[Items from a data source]

────────────────

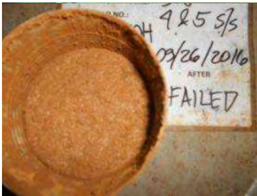
A failed test – flat pancake appearance- - FAIL carry out laboratory analysis of cargo

This is a simple test and as the term implies (can test) a metal can is suitable, such as a coffee tin, paint tin (but must be clean). Take about 1 to 2 kg of the ore and place it in the tin, repeatedly slam the can the bulk code says 25 times, if the ore remains the same then there are no obvious signs of moisture, if it shows any signs of liquefying (very obvious will be where free water appears on top or takes on a shiny flat appearance ) then the cargo should be rejected and not loaded .
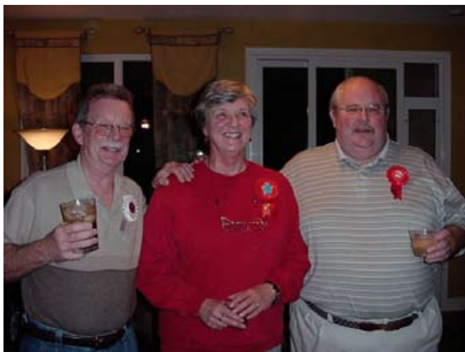
2005 Chili Winners
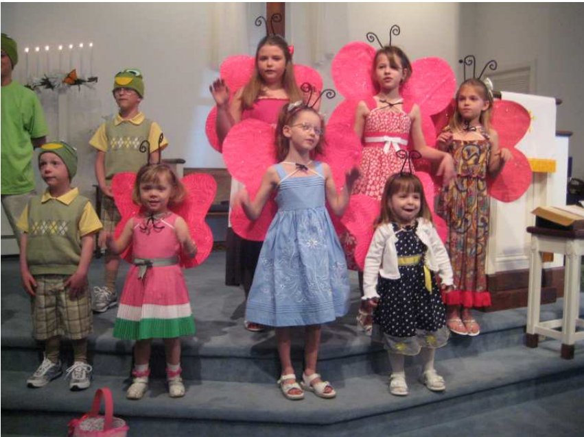
Our Children performing Bullfrogs and Butterflies in Easter Service
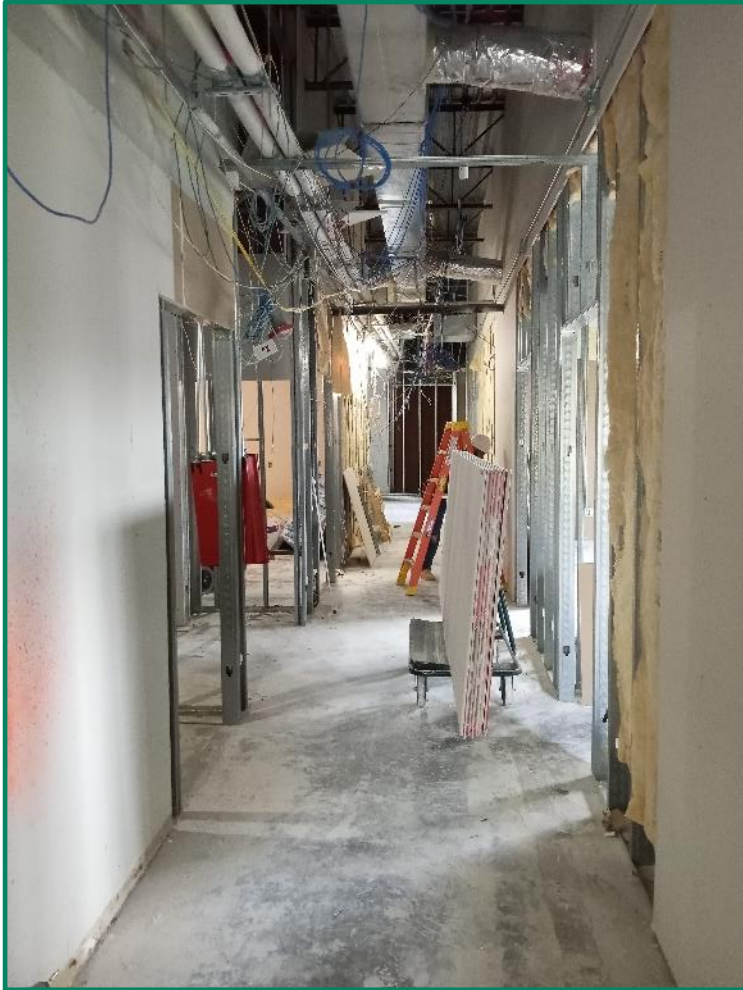
KCA construction progress

Tegrity has started the interior renovations at the Keller Collegiate Academy (KCA) and should be complete within 6-8 weeks.
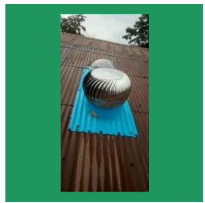
Solar Daylight System
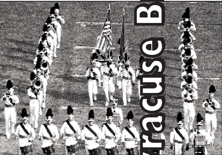
Syracuse Brigadiers, 1964, at Jersey City, NJ.

A success story like this can sometimes be overlooked. It wasn't always this way. Like all things in life, something as sweet
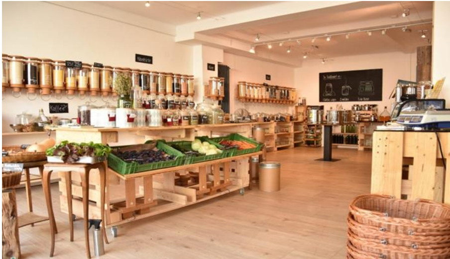
Figure 5.3: Zero-Waste Store that Available in Kuala Lumpur and Selangor
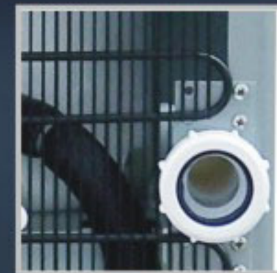
Plumbed-in waste facility
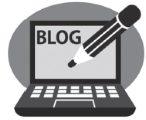
3 a comment post
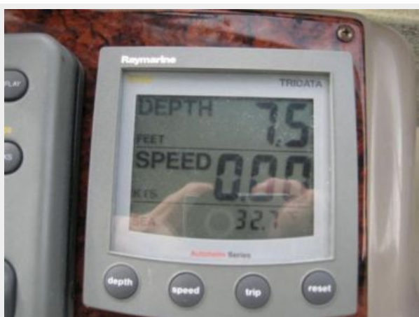
Raymarine ST60 Autohelm Series
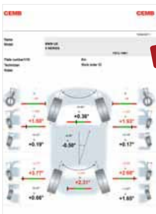
3D Print out

────────────────

[Assigned task] Whenever the word "should" appears in a line above, copy that line.

[Your solution]
This is a simple test and as the term implies (can test) a metal can is suitable, such as a coffee tin, paint tin (but must be clean). Take about 1 to 2 kg of the ore and place it in the tin, repeatedly slam the can the bulk code says 25 times, if the ore remains the same then there are no obvious signs of moisture, if it shows any signs of liquefying (very obvious will be where free water appears on top or takes on a shiny flat appearance ) then the cargo should be rejected and not loaded .
Tegrity has started the interior renovations at the Keller Collegiate Academy (KCA) and should be complete within 6-8 weeks.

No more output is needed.